An diesem Punkt stoße ich nun auf zwei Probleme. Während wir Menschen, und da schließe ich mich definitiv nicht davon aus, sehr gut darin sind, mindestens einen Grund dafür zu finden, etwas nicht zu tun, habe ich beim Filmeschauen genau das Gegenteil entdeckt. Es ist äußerst schwierig, einen triftigen Grund zu finden, einen Film nicht anzuschauen, gerade wenn es sich um ein viel gepriesenes Werk handelt. Glücklicherweise habe ich eine sehr einfache, aber nicht ganz offensichtliche Lösung gefunden. Anstatt einen Film komplett abzulehnen, sage ich mir, dass gerade einfach noch nicht der richtige Zeitpunkt dafür ist. Ganz nach dem Motto:

Was du heute kannst verschieben, kann auch noch bis morgen liegen.

Entschleunigen und genießen ist die Devise. Auch wenn einen die enorme Masse an Filmen zuweilen stressen kann, nimmt man nicht nur sich den Spaß, sondern auch den Filmen ihre Kraft. Zudem ändert sich der eigene Geschmack stetig, sei es mit dem Alter, aber auch mit der aktuellen Stimmung, sprich der eigenen Lebenssituation. Für mich bedeutet das, einfach mal abzuschalten, rauszukommen und mich voll und ganz auf einen Film einzulassen, anstatt ihn mit einem gewissen Abstand zu betrachten und zu analysieren.

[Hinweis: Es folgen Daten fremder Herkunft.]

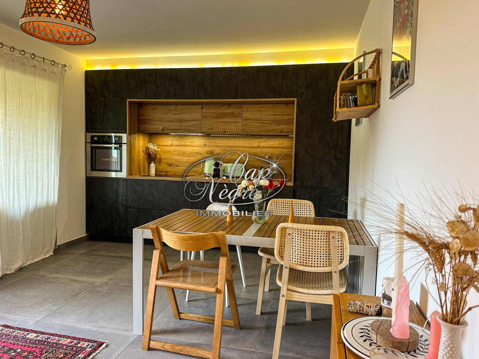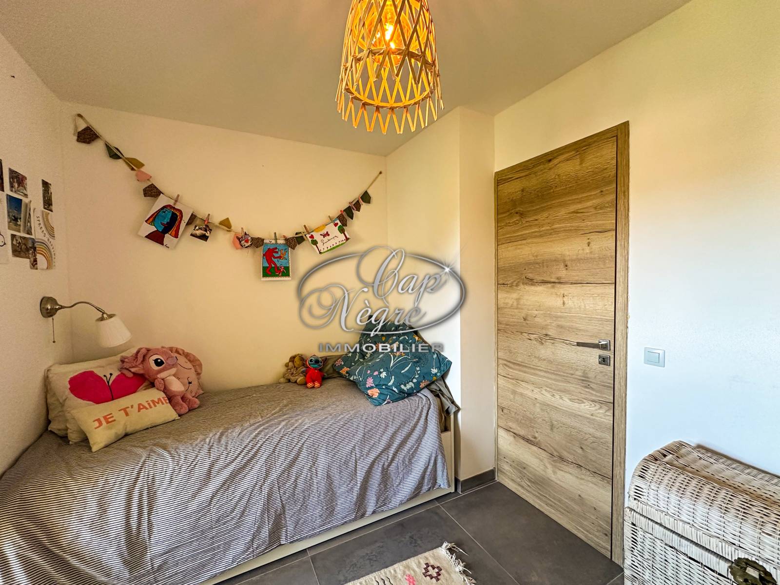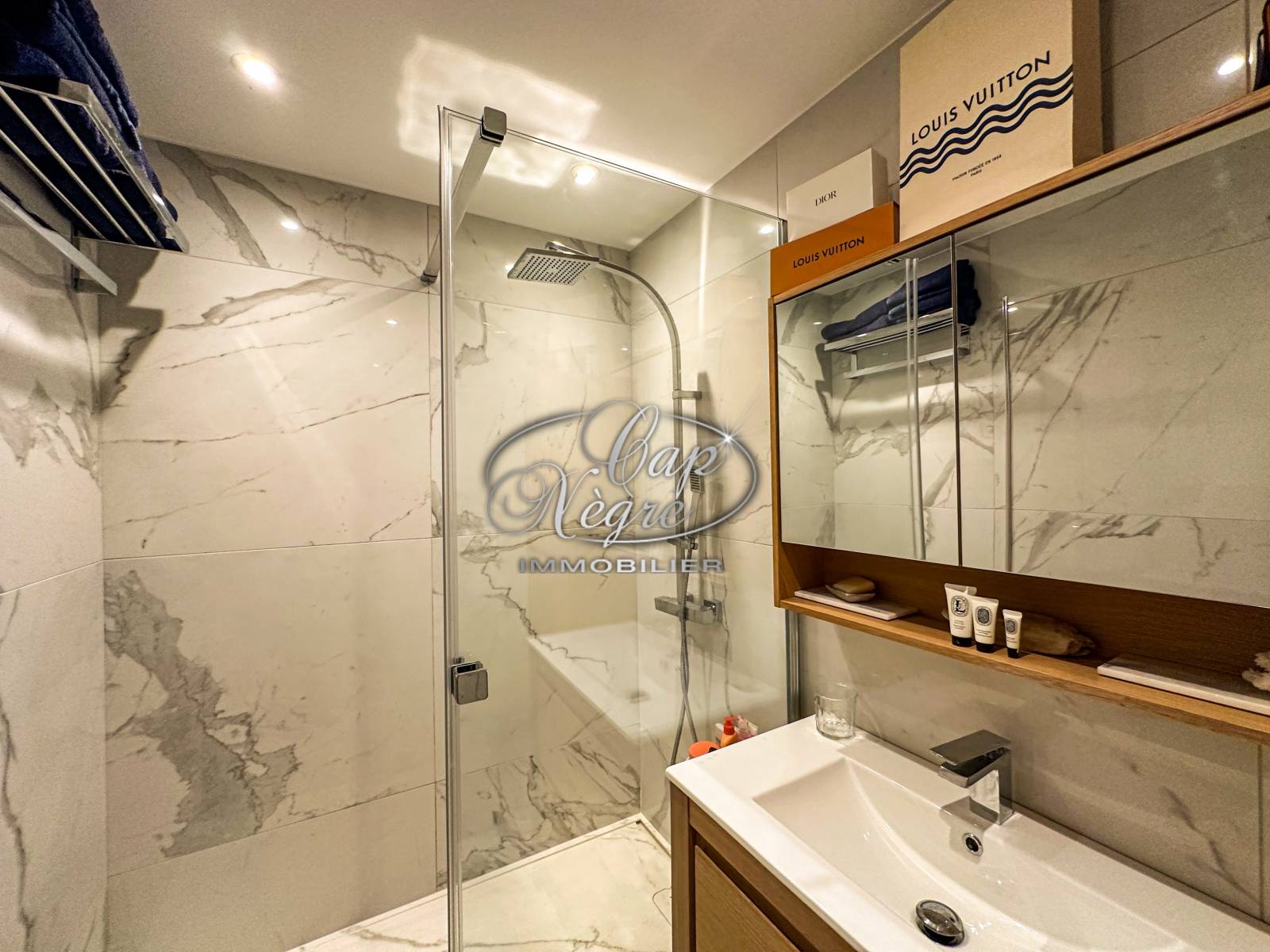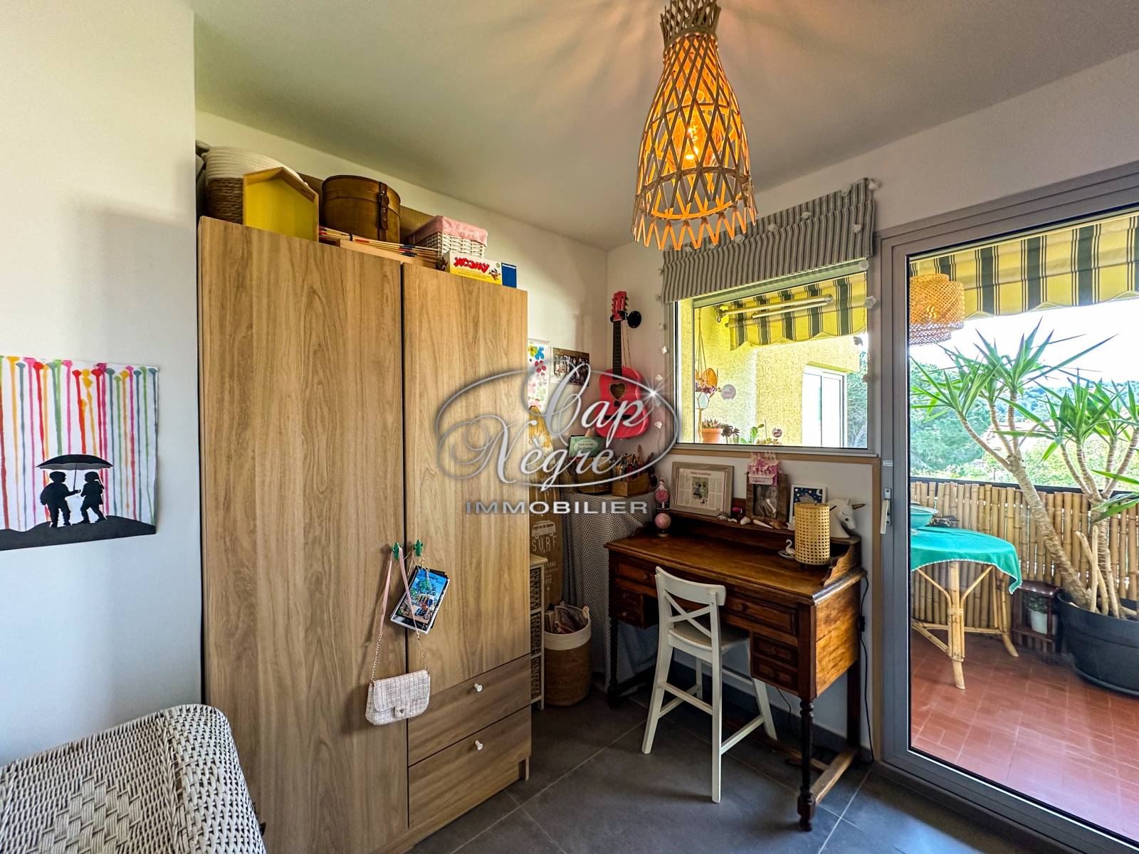 Les caractéristiques principales de cette propriété comprennent un séjour lumineux avec cuisine intégrée, s'ouvrant sur une terrasse ensoleillée de 18m2 orientée plein Sud, idéale pour profiter des douces journées méditerranéennes. Deux chambres spacieuses de 9m2 avec dressing, ainsi qu'une troisième chambre ou bureau de 8m2 avec accès direct à la terrasse, offrent un espace de vie fonctionnel et confortable. De plus, l'appartement dispose d'une entrée avec couloir et placard de rangement, un WC avec fenêtre, une salle d’eau avec douche à l’italienne moderne et une porte blindée assurant la sécurité et la tranquillité des occupants.

Und wo geht das am besten, wenn nicht im Kino? Egal ob jemand laut mit seinem Popcorn raschelt, einem beim ersten Trailer das Trommelfell platzt, oder man bereits nach fünf Minuten auf Toilette muss, vermisst haben wir es doch trotzdem. In diesem Sinne wünsche ich euch allen viel Spaß im Kino. Genießt es, habt eine schöne Zeit und gönnt euch auch mal eine kurze Verschnaufpause.